Consoliamoci: alle prime elezioni della storia d’Italia, si erano recati alle urne 418.693 cittadini, pari all’1,89% della popolazione. Le legge di allora, quella estesa dal Piemonte al resto del paese, concedeva il diritto solo agli uomini con almeno 25 anni di età, che sapessero leggere e scrivere, e pagassero un “censo” di imposte dirette non inferiore alle 40 lire. Vista l’esigua percentuale si può desumere che l’evasione fiscale fosse molto elevata anche allora. Il problema adesso però è anche l’evasione dal voto. Perché oggi, con il suffragio universale, tutti gli italiani possono esercitare il proprio diritto, ma, in maniera sempre maggiore decidono di non farlo.
Premesso che il tema rimane sotto i riflettori giusto un paio di giorni a ridosso delle urne, poi torna nell’ombra, va detto che le percentuali raggiunte alle Regionali in Lombardia sono inquietanti. Siamo al 41,63% quasi nove punti al di sotto della metà degli aventi diritto. Chi ha deciso di recarsi ai seggi ha premiato, con una larga maggioranza, il governo uscente. Si può dire che quella del leghista Attilio Fontana è stata una riconferma con poco entusiasmo. Cinque anni fa, quando i seggi erano rimasti aperti solo la domenica c’era stato oltre il 30% degli elettori in più. Dov’è finita tutta questa gente? E si parla, su un corpo elettorale di 7,8 milioni di quasi due milioni e mezzo di persone. Perché non vuole più scegliere i propri rappresentanti? Se si guardano le tendenze degli ultimi anni si può azzardare una risposta approssimativa. Con ogni probabilità di tratta di coloro che, a ogni elezione dopo la fine della Prima Repubblica, sono andati a cercare la novità. L’ultimo partito a giovarsi di questo trend (e in parte ha continuato a farlo anche questa volta) è stato Fratelli d’Italia del premier Meloni che ha vinto anche nelle regionali in Lazio e Lombardia. Prima era toccato nell’ordine a Forza Italia, Pd di Renzi, Movimento Cinque Stelle e Lega di Salvini. A ogni consultazione però la pattuglia dei “proviamo anche questo” è andata ad assottigliarsi perché la disillusione è cresciuta e il demiurgo, alla prova del governo, non si è dimostrato tale. Da qui l’incremento del fronte astensionista. Per carità non è una tragedia.
Da tempo, in una democrazia evoluta come quella degli Stati Uniti, la scarsa risposta all’appello delle urne, è una regola. Nell’Italia era sempre andata diversamente, anche perché quella del voto, dopo vent’anni di dittatura, era stata una conquista sofferta e non indolore. Alla fine però il tempo ha cancellato i ricordi.

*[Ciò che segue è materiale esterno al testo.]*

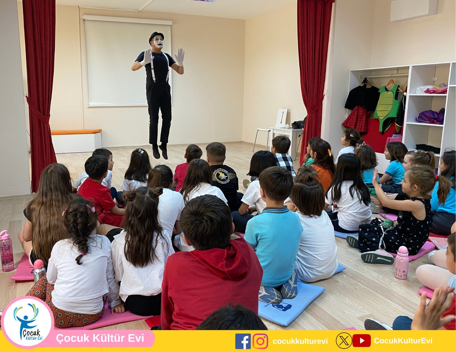 1. sınıf ve üzeri çocuklarla Çocuk Kültür Evi drama atölyesinde bir araya gelen Ünal Pekel, gösterim öncesinde pantomim sanatının inceliklerinden bahsederek çocuklarla keyifli bir sohbet gerçekleştirdi. Daha sonra gösterimin makyaj hazırlığı kısmını da çocuklarla paylaşan Ünal Pekel, gerçekleştirdiği interaktif pantomim gösterisi ile büyük beğeni topladı. Tek tek ve grup olarak pantomim hareketlerini deneyimleme fırsatı bulan çocukların keyifleri görülmeye değerdi. Çocukların yoğun ilgi gösterdiği buluşma, toplu fotoğraf çekimi ile sona erdi.
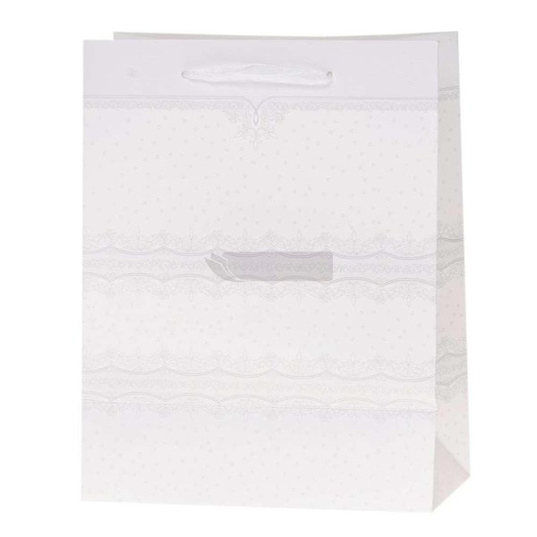 Torebka Lux brokat biała duża 26x32x12cm ROZETTE
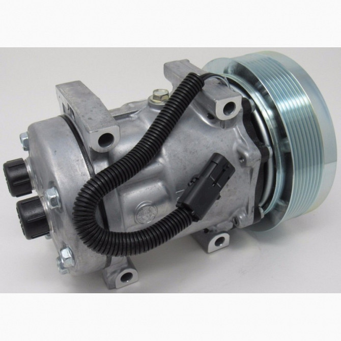 Компресор кондиціонера для сільськогосподарської техніки New Holland 7H15 U4768 Характеристики продукту: - Тип холодильного газу: R134a - Тип масла: PAG - Вага: 8,0 кг - Максимальна кількість обертів (об/хв): 7000 - Шкив полікліновий: 8{PV - Діаметр шкива: 152 мм - Напруга: 12 В - Підключення: гори...

Ma forse sarebbe il momento per il ceto politico, di smetterla di ignorare il fenomeno. Sul dato della partecipazione di domenica e ieri, dovrebbero riflettere prima di tutti i vincitori. Perché Giorgia Meloni, al di là del fuoco amico che non cesserà dopo questo risultato, anzi, dovrà anche guardarsi dalla disaffezione di coloro, che grazie alla sua coerente e tenace opposizione agli ultimi governi del paese, l’hanno inquadrata come novità, portatrice di cambiamenti che, per ora, ma è presto, non si sono visti. Questa sorta di ottimismo per il nuovo, però, sta andando a scemare. La lettura del voto della Lombardia, peraltro non privo di qualche sorpresa dice che non c’è stato, appunto, grande entusiasmo per gli uscenti, ma non esistevano alternative poiché neppure la somma dei consensi ottenuti da Pierfrancesco Majorino e Letizia Moratti, uguaglia il risultato del centrodestra di Attilio Fontana che è andato al di sopra delle aspettative. E questo può consolare il Pd della scelta fatta .Ma alla fine, nessun candidato, ha scaldato più di tanto i cuori dei lombardi.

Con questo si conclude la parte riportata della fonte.